Day three is devoted entirely to hand shaping the front and rear legs. The day begins with a practice front leg. Shaping with hand tools is often a new process for students and I like them to try the techniques and tools on practice stock before working on their actual chair parts. This is the first time Mark or David have used a drawknife.
Although the front legs can easily be turned on a lathe I have students shape these parts from square stock using a drawknife, spokeshave and card scraper. This prepares them for hand shaping the more difficult rear legs which must be done with hand tools. The first and most important step is to take the square stock and shape it to an octagon. The octagon establishes the geometry of the shape and the facets are large enough to judge if they are all identical. After laying out the facets on the square leg blank, a drawknife is used to remove most of the material, followed by a spokeshave to finish and fine tune each facet right to the layout line. Here are a pair of David’s front legs that have been shaped to a tapered octagon.

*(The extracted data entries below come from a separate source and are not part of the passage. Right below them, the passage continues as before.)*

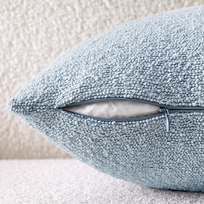 Woaboy Pack of 2 20x20 Inch Decorative Boucle Throw Pillow Covers Textured Square Pillowcaes Accent Solid Cozy Soft Cushion Covers Home Decor for Sofa Couch Living Room Home Decor,Coastal Light Blue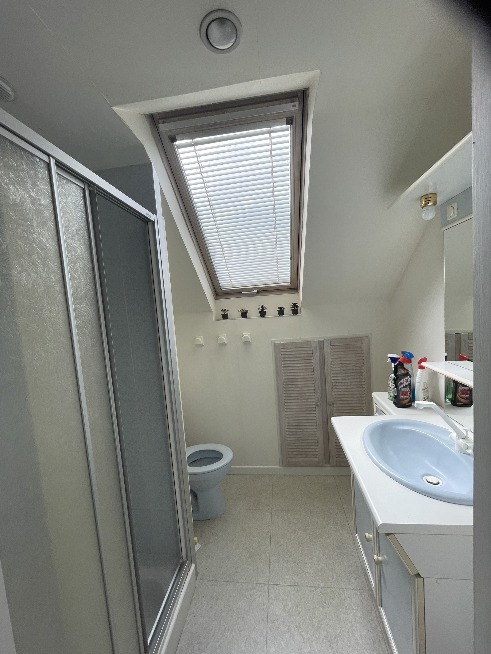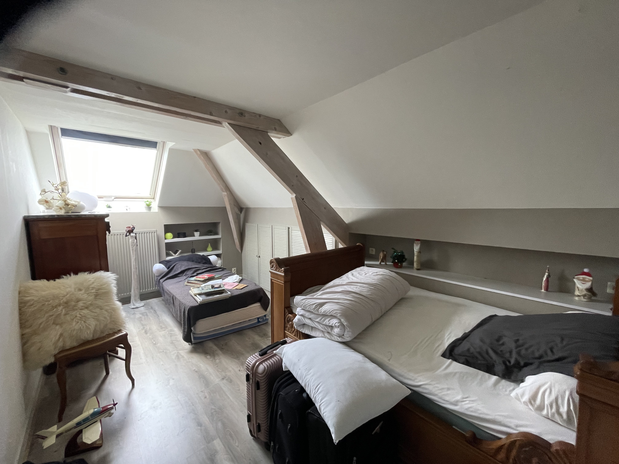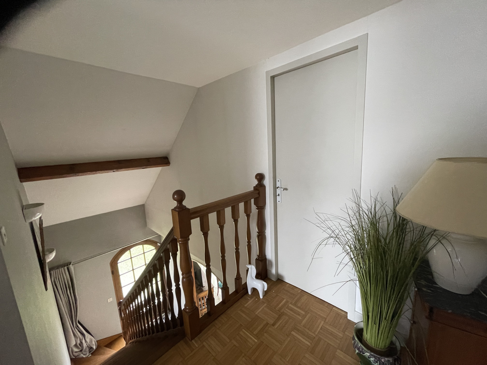 au 1er étage : palier desservant 2 chambres mansardées, salle d'eau et 1 grenier (aménageable en 1 chambre supplémentaire)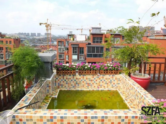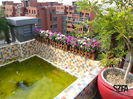 花園里用馬賽克鋪設出一個小水池,養(yǎng)些金魚可以陶冶情操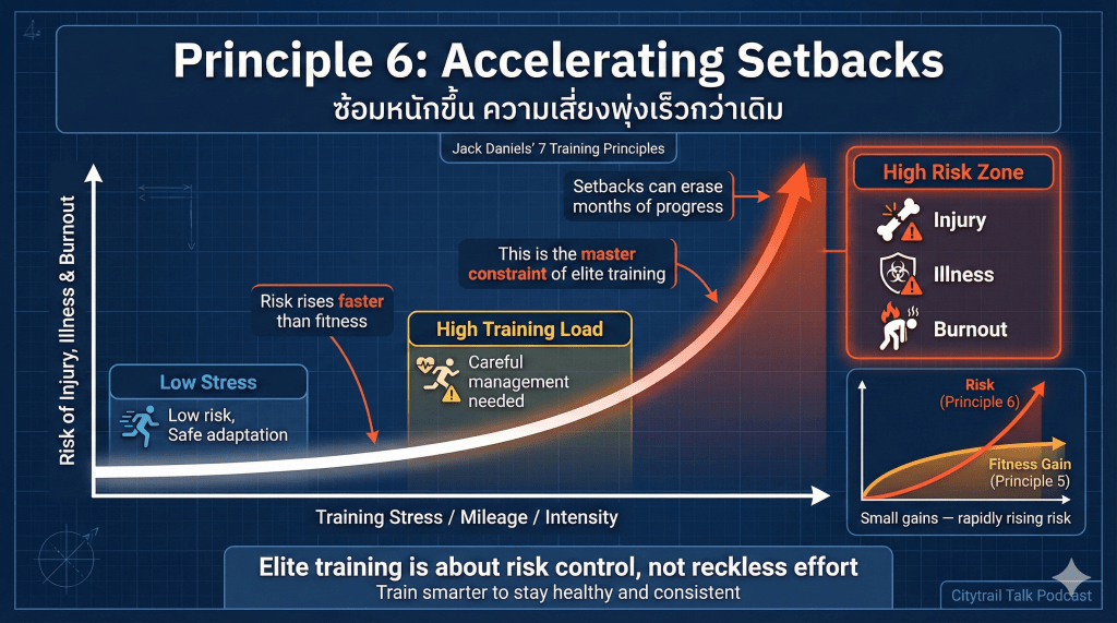 - แนวคิดหลัก: หลักการนี้เป็นด้านกลับที่น่ากลัวของหลักการผลตอบแทนที่ลดน้อยถอยลง (Principle 5) กล่าวคือ ยิ่งภาระการฝึกซ้อมสูงขึ้นเท่าใด ความเสี่ยงต่อการบาดเจ็บ, การเจ็บป่วย หรือภาวะหมดไฟก็จะยิ่งเพิ่มสูงขึ้นแบบทวีคูณ ความล้มเหลวเพียงครั้งเดียว (เช่น การบาดเจ็บ) สามารถทำลายความก้าวหน้าที่สร้างมานานหลายเดือนได้

In the next step I have students shape the leg from 8 sides to 16 sides. At this point it often becomes difficult to see and maintain the individual facets. To help with this I have students draw lines around the circumference of the legs every 3 or 4 inches or so as shown above. Now when you knock off a corner of the octagon a gap appears in this line leaving a dash on the uncut part of the original facet. When the gaps and dashes are equal you will have a leg with 16 equal sides as shown below. It’s an excellent and easy way to see what is happening. From here it’s a simple matter of taking the legs to 32 sides and finally to round.
The practice front leg took most of the morning and the two actual front legs took the better part of the afternoon. Towards the end of the day David and Mark are ready to start shaping the rear legs. The process begins with laying out the facets in order to shape the leg to an octagon. Here Mark is laying out the curved, tapered facet on the side of a rear leg using the other rear leg as template.
And here is David beginning to shape one of his rear legs using a drawknife. The blue tape you see is on the top, front face of the leg. From the seat level up only the back of the leg gets shaped to half round. The front face should remain flat, so I have students cover the front face and it’s edges with blue tape to discourage them from cutting into those edges.
By the end of the day both front legs are shaped and David and Mark have begun shaping the rear legs. Here are the chair parts so far. The only parts missing are the rungs—the rung stock, already shaped to an octagon on a band saw, has been drying in a small light bulb kiln for about a week.